New affordable housing is coming to the Hill District.
Officials broke ground Tuesday on the Herron Village Apartments, which will eventually include 12 affordable housing units and commercial space for a beauty salon, community market and laundromat. The Urban Redevelopment Authority will also help fund financial literacy courses and other life-skills training for residents, provided by ACH Clear Pathways and Catapult Greater Pittsburgh.
Elected officials today billed the apartments as a model for “resident-led development.”
“This is the epitome of … development by the people, for the people, in our own neighborhoods,” said Presley Gillespie, president and CEO of the nonprofit Neighborhood Allies.
The project has been led by developer and fourth-generation Hill resident Tonya Ford, with help from nonprofit and government lenders.
Ford’s family has owned the three buildings that make up the Herron Avenue development since the 1960s. She said it’s important to keep the neighborhood affordable while investing in its future and rehabilitating existing buildings.
“My family's legacy has always been to provide affordable living in the Hill District,” she said. “My uncles and my grandmother always made sure that people had some place to live, and they kept it affordable. So I would like to just carry on that legacy.”.
The project is about “fostering housing opportunities and economic growth in this neighborhood,” said URA chief housing officer Quianna Wasler.
The units will be available to residents making between 30-50% of the area median income and below. In Pittsburgh, that’s a range of between $21,000 to $34,000 a year for a single person, according to the URA.
U.S. Rep. Summer Lee said it’s important to back development plans with community roots.
“There are many proposals for housing, but the reality is that the people who have lived here, who have endured, they deserve to also stay here and to be centered. And we want to see it done that way,” she said.
The first five units and the laundromat are expected to open in six to nine months. And though five units address just a small fraction of demand for affordable housing in the city, Lee said the “key is the multiplication” of similar projects.
“Every unit isn't just the unit,” she said. “It's a family. It is stability. … That's five families that'll be touched by this project to start, and then we know that there are other investments going on throughout the Hill. That is just going to start to multiply.”
The Herron Village Apartments project has been in the works for the past four years, but more recent government actions were also on Lee's mind Tuesday.
Speaking with reporters, she condemned the Trump administration’s refusal to bring Kilmar Abrego Garcia, who was wrongly deported, back from El Salvador, even after the Supreme Court ordered his return.

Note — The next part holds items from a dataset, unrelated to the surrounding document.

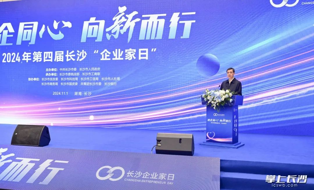 ▲周海兵出席2024年第四屆長沙“企業(yè)家日”活動并講話
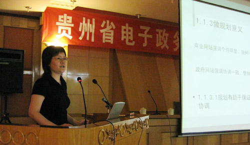 培訓會上,鄭愛軍女士從“政府網(wǎng)站的規(guī)劃與案例分析”、“政府網(wǎng)站的評測與指標分析”和“服務性政府網(wǎng)站的特征與構(gòu)建技巧”三個方面對政府網(wǎng)站的建設(shè)進行了全面解讀,并抽取了貴州省內(nèi)部分典型的政府網(wǎng)站進行了現(xiàn)場點評,從基礎(chǔ)理論聯(lián)系到實際情況,內(nèi)容深淺適中,說服力強。會后,鄭愛軍女士會同相關(guān)專家與參會學員們在電子政務建設(shè)過程中所遇到的困惑、解決方法和理論探討等方面進行了互動交流。
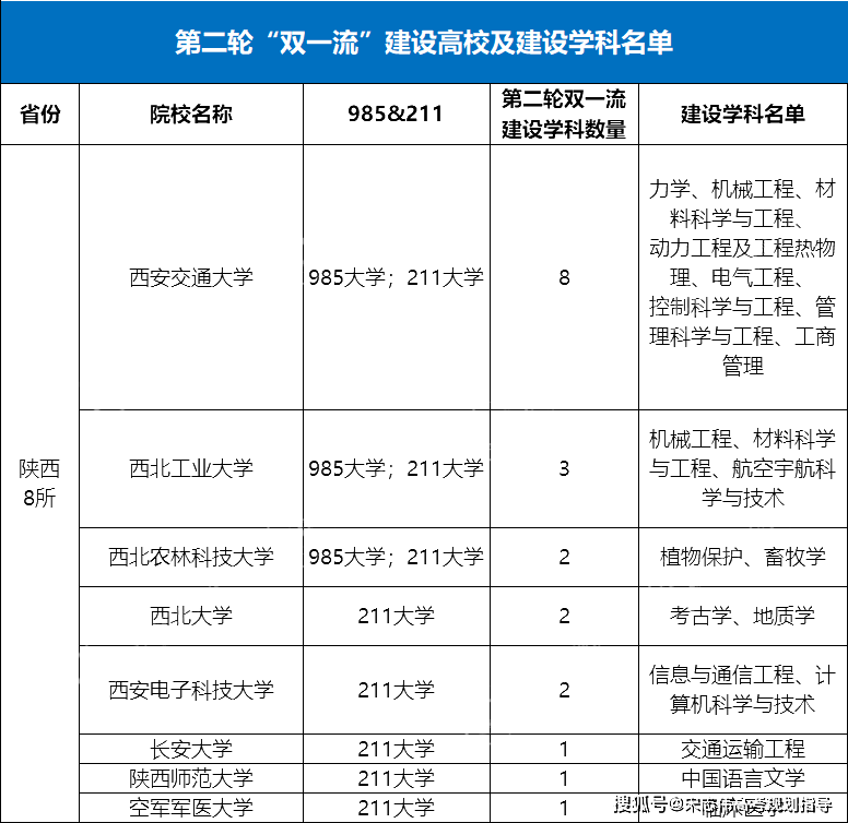 陕西省8所双一流高校中有7所在西安:分别是西安交通大学、西北工业大学、西安电子科技大学、西北大学、长安大学、陕西师范大学、空军军医大学。
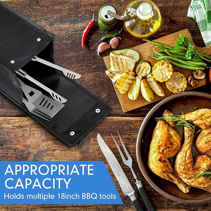 - Large Capacity: the BBQ tools carry bag measures approx. 24.5 x 9.5 x 8 inches and 20 x 6 x 6 inches, proper in size and light in weight, which can hold most barbecue tools
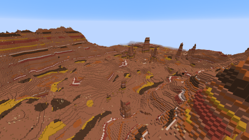 Nessa seed, você nascerá em um bioma de mesa, com poucos recursos. Atrás do spawn, haverá um vale com uma vila, sua única esperança no meio desse deserto de cores. Topa o desafio de sobreviver aqui?
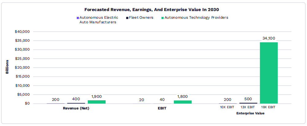 万亿美元市场前景:报告预测,Robotaxi技术平台到2030年可能产生约34万亿美元的企业价值,且其中大部分经济价值将被技术平台方获取。
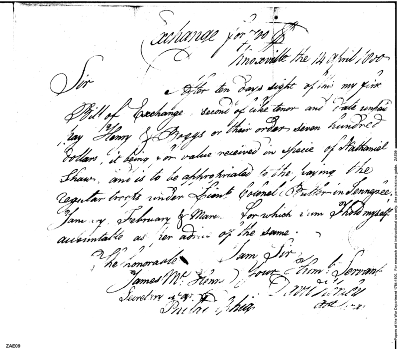 - Document: Payment Henry & Boggs value received in specie of Nathaniel Shaw for paying regular troops under Lieutenant Colonel Butler
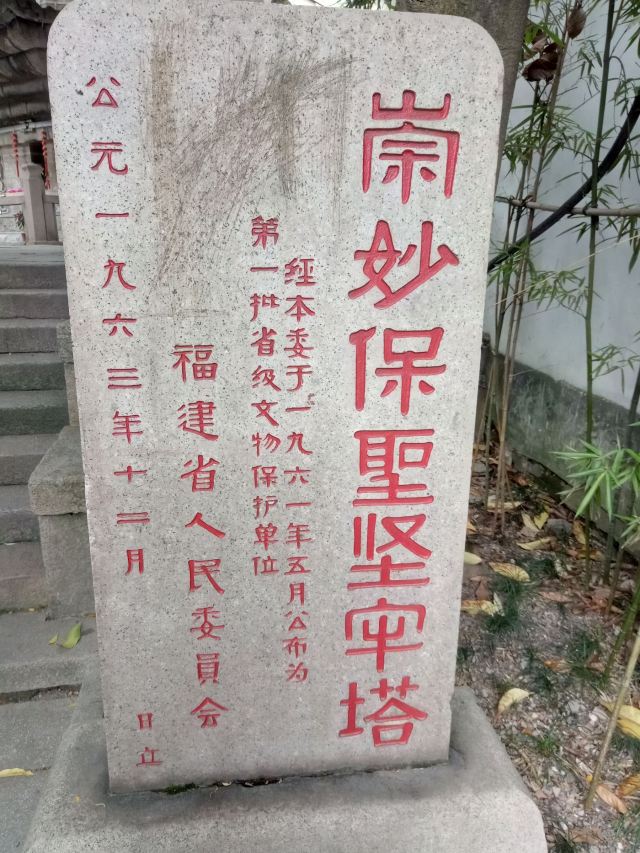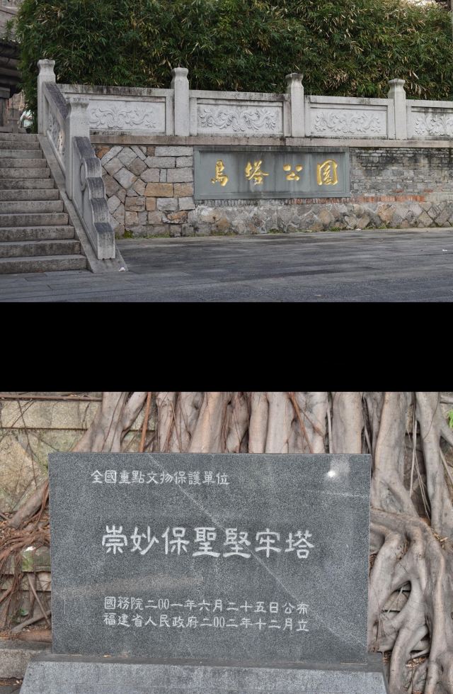 乌塔,全称为 “崇妙保圣坚牢塔”,因塔身为花岗岩青石所砌,呈乌黑色,故称乌塔。乌塔始建于唐贞元十五年(799 年),最近于 1978 年重修,在塔周围设护围石栏杆,重建塔碑亭。亭内《敕贞元无垢净光塔铭》碑,是福建省现存最早碑刻之一。

Lee said Trump's defiance was an attempt to undermine the judiciary and called the situation a “constitutional crisis.”
“So that means that right now we need all of our institutions to be in alignment in calling this out. We need organized people right now who recognize the dangers that he poses, that the administration poses,” she said.
“It is not an issue that is only for immigrants,” she added. “If we can do it to someone who has legal status, we can do it to a citizen. And that is the slippery slope that we're on.”